VANCOUVER, British columbia, March 18, 2019 (GLOBE NEWSWIRE) -- GLOBAL GAMING TECHNOLOGIES CORP. (CSE:BLOC.U) (BWSP.F) (BLKCF) ("GGAM", or the "Company") is pleased to announce that it has entered into an agreement (the “Agreement”)  to obtain funds in order to help finance its game development pipeline.

This Agreement was entered into with European High Growth Opportunities Securitization Fund (“EHGO”), advised by Alpha Blue Ocean Inc. (“Alpha Blue”) a money manager based in London, United Kingdom with a strong track record of partnering with public companies and delivering meaningful value to their shareholders.

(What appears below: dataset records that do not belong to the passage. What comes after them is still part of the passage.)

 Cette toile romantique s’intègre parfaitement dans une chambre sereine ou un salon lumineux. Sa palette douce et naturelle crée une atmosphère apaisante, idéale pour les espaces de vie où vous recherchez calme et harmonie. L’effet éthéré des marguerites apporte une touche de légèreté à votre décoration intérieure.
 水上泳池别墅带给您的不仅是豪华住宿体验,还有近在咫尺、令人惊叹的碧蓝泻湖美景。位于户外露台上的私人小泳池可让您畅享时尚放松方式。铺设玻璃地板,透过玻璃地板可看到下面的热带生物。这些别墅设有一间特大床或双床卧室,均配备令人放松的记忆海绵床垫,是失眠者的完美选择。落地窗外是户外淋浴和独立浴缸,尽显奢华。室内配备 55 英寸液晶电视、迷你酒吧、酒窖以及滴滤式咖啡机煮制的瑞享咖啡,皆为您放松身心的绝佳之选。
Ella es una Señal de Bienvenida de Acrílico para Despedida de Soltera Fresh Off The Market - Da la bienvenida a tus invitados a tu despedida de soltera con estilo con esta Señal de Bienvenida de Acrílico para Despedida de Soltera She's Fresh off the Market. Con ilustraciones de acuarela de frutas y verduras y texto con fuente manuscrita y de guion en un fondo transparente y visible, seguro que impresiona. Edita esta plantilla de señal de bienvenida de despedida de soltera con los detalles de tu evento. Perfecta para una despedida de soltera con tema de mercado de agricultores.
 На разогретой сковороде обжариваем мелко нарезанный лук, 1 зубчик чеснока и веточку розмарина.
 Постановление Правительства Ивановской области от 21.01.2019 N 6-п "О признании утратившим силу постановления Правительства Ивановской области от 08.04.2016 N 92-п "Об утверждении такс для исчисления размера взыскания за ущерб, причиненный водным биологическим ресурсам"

Alpha Blue’s advisee, EHGO, has agreed to subscribe for up to USD $5,600,000 aggregate principal amount of senior unsecured convertible debentures (the “Notes”) and accompanying warrants (the “Warrants”).  The Notes shall be convertible into, and the Warrants shall be exercisable for, common shares (“Common  Shares”) in the capital of the Company, at prices to be determined at each closing under the Agreement.

The Notes and accompanying Warrants shall be issuable in 12 separate tranches (each a “Tranche”). The Company shall issue the Notes in the principal amount of USD$550,000 for the first tranche (the “First Tranche”) and the second tranche, and shall issue Notes in the principal amount of USD$450,000 for each additional Tranche (each, a “Subsequent Tranche”) and, in respect of each Tranche, the accompanying Warrants, as applicable. The Notes shall bear no interest and the maturity date of the Notes shall be the date that is 12 months after their applicable issue date.

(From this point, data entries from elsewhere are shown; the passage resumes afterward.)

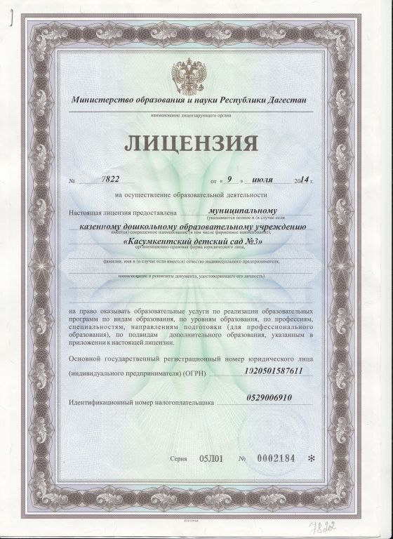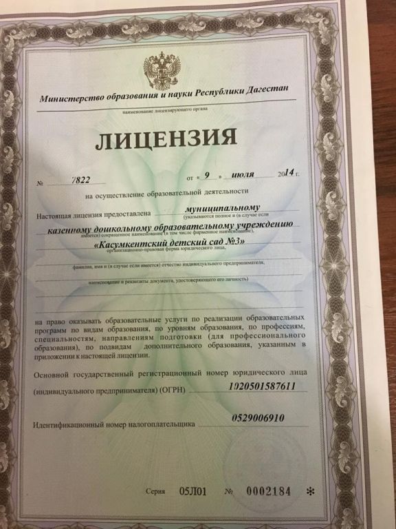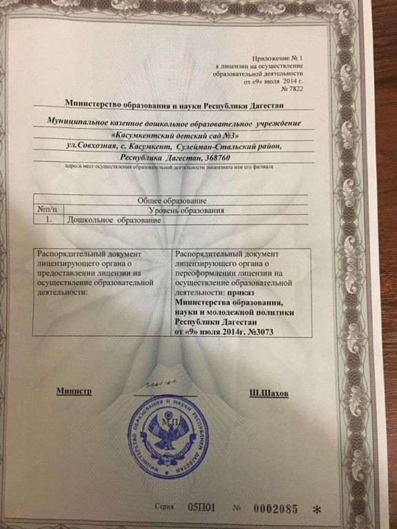 | Полное наименование образовательной организации* | Муниципальное казенное дошкольное образовательное учреждение "Касумкентский детский сад №3" |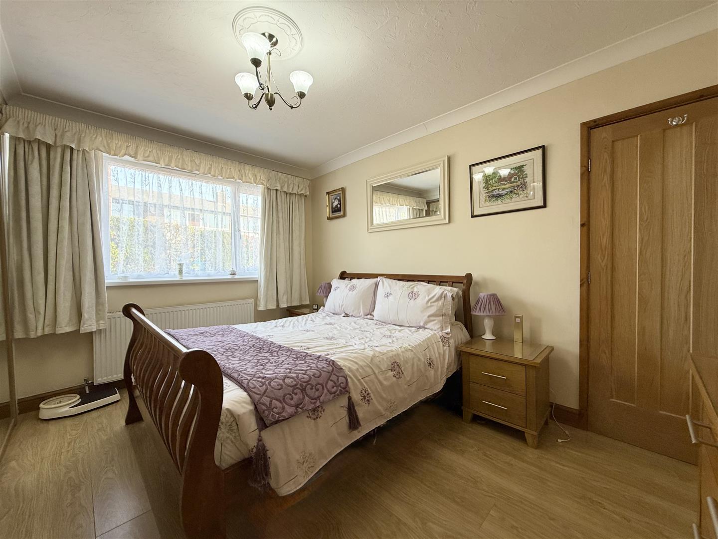 This well proportioned double bedroom benefits from a bank of fitted wardrobes with oak/mirror sliding doors, which provide good storage and hanging space, and a front facing window. The room is decorated in soft neutral tones and has wood effect flooring underfoot. A door leads you to the hallway.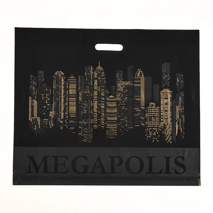 Пакет «Мегаполис» черная, полиэтиленовый с вырубной ручкой, 60×50 см, 70 мкм
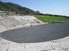 Most of the area of Ancient Messene contains the ruins of the large classical city-state of Messene refounded by Epaminondas in 369 BC, after the battle of Leuctra and the first Theban invasion of the Peloponnese.[4] Epaminondas invited the return to their native land of all the families that had gone into exile from Messenia during its long struggle with and servitude under the military state of Sparta, now finished as a conquering state. This new Messene, today's Ancient Messene, was constructed over the ruins of Ithome, an ancient city originally of Achaean Greeks, destroyed previously by the Spartans and abandoned for some time.

Subject to regulatory compliance, the Notes shall be automatically converted into such number of Common Shares as is equal to the aggregate principal amount of the Notes being converted divided by the applicable conversion price, immediately following the earlier of: (i) five trading days after the delivery by the holder of a conversion notice, or (ii) the applicable maturity date of the Notes. In the event of a default under the Notes, there is an option to have the Notes redeemed in cash.

On closing of the First Tranche the Company will also issue additional Notes representing a commitment fee equal to 5% of the aggregate amount of the Notes issuable under the Agreement based on the committed amount of the total investment.

In addition to subscribing for the Notes, Alpha Blue has provided the Company with bridge financing in an aggregate amount of USD$100,000, which will be repaid from the subscription proceeds of the First Tranche.

Further information regarding the financing terms can be found in the subscription agreement to be  posted on SEDAR. This financing ensures the Company has adequate working capital to continue its operations.  The Company intends to use the proceeds from the financing for general corporate purposes.

Pierre Vannineuse, Founder & CEO of Alpha Blue Ocean commented, “We are excited to partner with Global Gaming Technologies, our first gaming company led by Nolan Bushnell, a great innovator and pioneer within the industry. This financing agreement will provide the team with the flexibility to continue developing and distributing novel games to the marketplace such as Amazon’s Alexa-assisted board game: St. Noire.”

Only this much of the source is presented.